Unlike AssetStudio, UnityEX only opens one file at a time, which doesn’t matter since all the content we need is stored within the resources.assets file. When we open an archive within UnityEX, we can extract the files by right-clicking them, then by pressing “Extract with convert or Raw”: this will convert a file to a more common extension if it’s known (like AssetStudio does), or leave it as-is.

The extracted files go to a new folder named “Unity_Assets_Files“, which will contain another folder bearing the same name as our .assets file, in this case resources.

By hitting the “Import all files” button in UnityEX, the program will look all the files from the folder mentioned above, compare the filenames to the ones within the opened .assets archive, then replace each matching occurence. Any .png file is automatically converted into a .tex Texture2D file, then reinserted in the archive. If the program finds a filename that doesn’t correspond to anything in the archive, it will give a warning and askip if we want to continue anyway.

You might not see the difference, but the green bar being halfway through is a sign of the importing process being in progress.

Now that the resources.assets has been edited, it’s time to do the whole process… Backwards! First, we need to repack the folder containing the extracted .assets files back to a .psarc file. This time, instead of Karameru, I used Total Commander, a freeware file manager which had the benefit of supporting .psarc repacking thanks to a third-party plugin by BEKETATA.
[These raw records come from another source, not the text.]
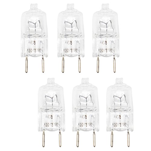 This product is not affiliated with any OEM brands and is not covered under any warranties offered by the original manufacturers. Any warranties for this product are offered solely by Upstart Components. All mentions of brand names or model descriptions are made strictly to illustrate compatibility. Features: Replacement General Electric PVM2170SR1SS Light Bulb; Quantity: 6 Replaces Part Number WB25X10019 Light Bulb. Same great brightness guaranteed. Superior-crafted filaments for long-lasting brightness Quality glass and packaging so bulbs will show up in factory condition. Specifications: G8 Base 120V 20W Halogen bulbs.Other fine products
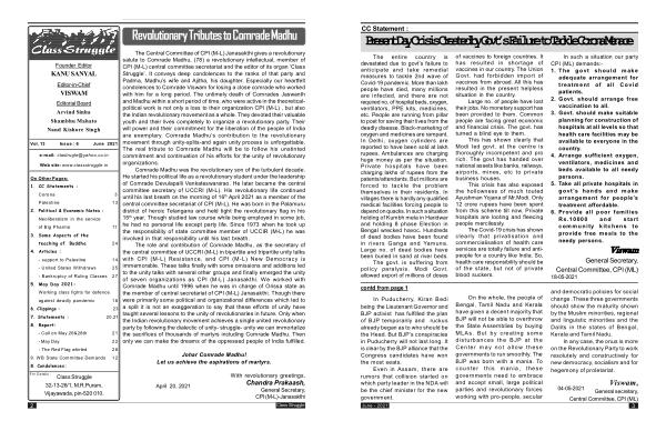 Vol . 13 Issue : 6 June 2021 e-mail : clastrugle @ yahoo . co . in Web site : www . classstruggle . in
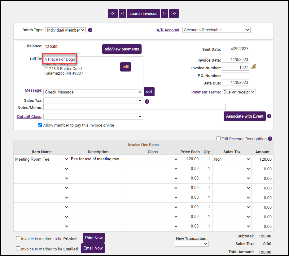 - Click on the company name in the Bill To box.
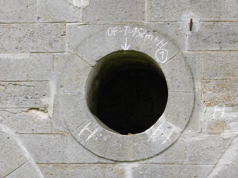 ![]() km 169,350: Fußgängerunterführung und Wasserdurchlass, Verzierung Ostseite (Fotografiert im September 2016) |
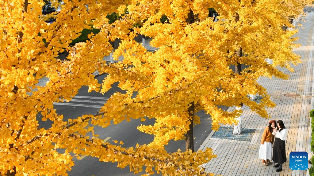 BEIJING, 5 noviembre, 2025 (Xinhua) -- Vista aérea tomada con un dron el 3 de noviembre de 2025 de personas admirando los árboles de ginkgo, en la ciudad de Zouping, en la provincia de Shandong, en el este de China. (Xinhua/Dong Naide)

Right-clicking on the folder, then clicking “File > Pack…” does the trick.

And… that’s it! Now, we have our modded archive.psarc file, ready to get inserted back into the game. As there are multiple ways of doing that, which both take a fair amount of time and dedication, I will document them in a final post, one that will get more focused on the PS4-side manipulation than the PC one.

Our custom videos folder, as well as our modded archive, are ready to go. The archive_og.psarc file is a mere emergency backup.